The flavour profile is quite tangled, but in the best way.
The hot mustard is calmed by the sweet honey, both bolstered by the thyme and garlic spiked broth but it’s the roast lemons, with their sweet and sour scorch, that bring edge and piquancy to this dish.
When you roast them, their bitterness is almost candied but they still retain a sourly cheek sucking pinch, so when you spoon them around your bowl, they infuse the stew with an intense. honeyed tang.
I became obsessed with this sprightly character of a bowl when I was giving my cupboards a go-through when my vegan friend came over one day, and was something I could calmly pull together while she sat on my kitchen countertop and put the world to rights with a glass of wine.
But then she reminded me that honey is not vegan so, I pivoted and made a version of this using 100% maple syrup in place of the honey and found it equally as good, so this can easily be made vegan for those who need it.
However, if you can’t be bothered to go down the roast lemon route, you could just squeeze a little lemon juice into the stew at the end. It will taste sharper than the inclusion of the roast lemons, but it’s a welcome tang rather than an invasion.

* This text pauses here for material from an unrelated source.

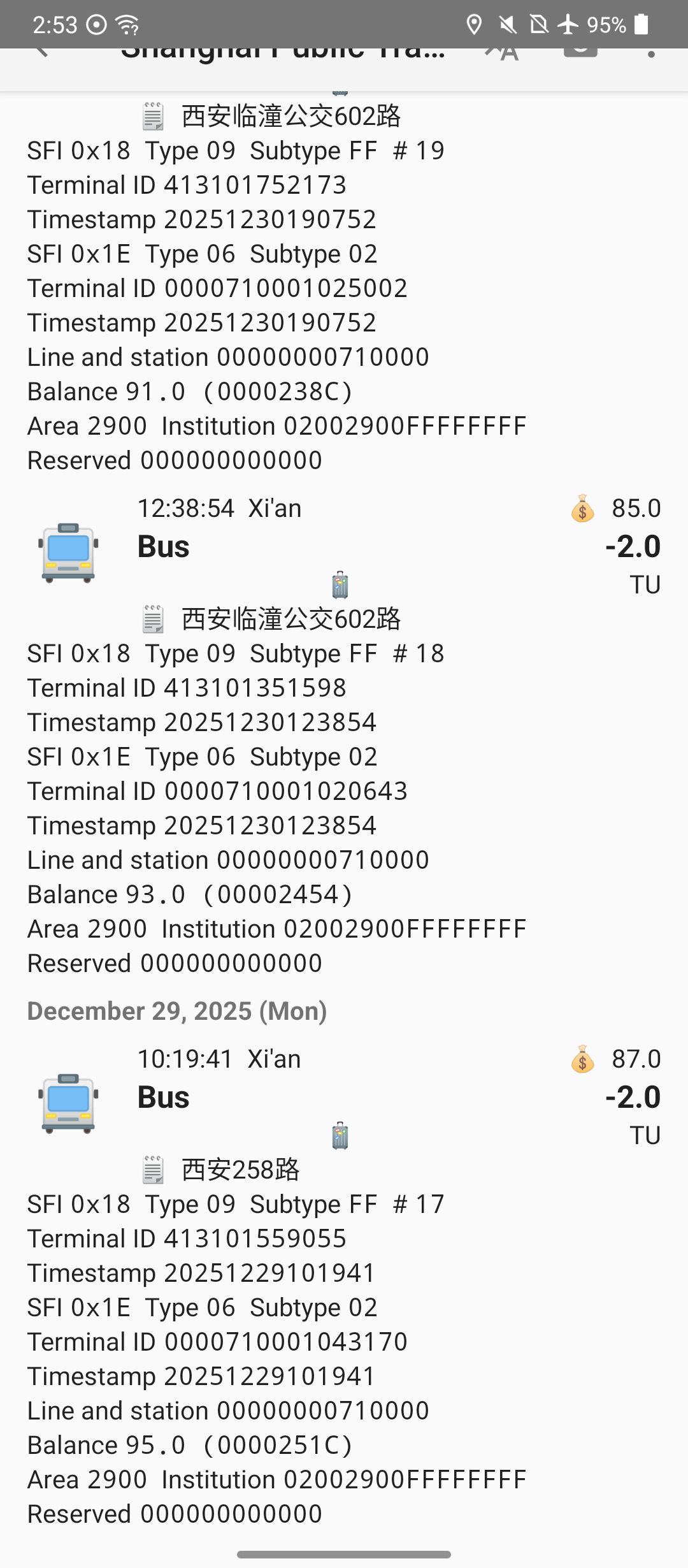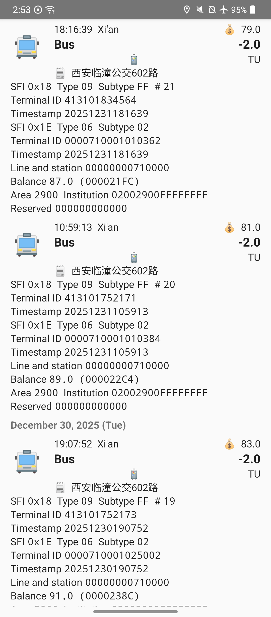 | Description | 我的上海卡在西安刷走的是TU,但是记录只显示Bus,以下为app内截图,望作者帮忙诊断一下,谢谢。 | ||||

But if you want to go full-throttle lemon but not roast them, you could finely chop some preserved lemons instead and add them to the stew instead.
Serves 4 – 6
1 lemon
2 tablespoons olive oil
1 courgette
1 clove garlic
Enough fresh thyme to give you a teaspoon’s worth
1 x 240g can chickpeas
150g pearl barley
2 litres vegetable stock
2 teaspoons hot English mustard
1 teaspoon honey
150g frozen peas
2 – 3 spring onions
A handful of fresh parsley – chopped
- Preheat the oven to 190°C.
- Slice the lemon into thin slices and lay them flat on the roasting tray. Drizzle with 1 tablespoon of the olive oil and sprinkle over a generous amount of salt. Leave to one side while you start on your stew.
- Slice the courgette into half-moons, by that I mean one long slice down the centre to split it in two and then diagonally down to create a handful of slices, and then warm the remaining tablespoon of olive oil on a medium heat in a large pot that comes with a lid.
- Add the courgette into the pan, add a little salt and pepper, the thyme and grate in the garlic with a fine grater. Cook the courgette for 5 – 10 minutes so that it starts to soften.
- Drain the chickpeas and add them to the pot.
- Tip the pearl barley into a sieve or colander and suspend it under some running tap water, just to rinse off a little of the starch. Not an essential step but not rinsing the barley first will give your stew a thicker consistency. Add the barley to the pot.
- Pour in the vegetable stock along with the mustard and the honey and bring the pot to the boil. Turn the heat down low, bring the pot to a simmer and clamp on a lid.
- Now add your tray of lemons into the oven and leave both lemons and stew to do what they need to do for 35 minutes but take the lemons out of the oven around the 20-minute mark once they are golden and caramelised, charred in some parts. Leave them on their tray on the countertop until you serve.
- Tip the peas into the stew pot, put the lid back on and cook for a further 5 – 6 minutes.
- Take the pot off the heat, remove the lid and let stand for 5 minutes just to cool.
- Serve in bowls with some freshly snipped spring onions, a dousing of fresh parsley and a few slices of the roasted lemon.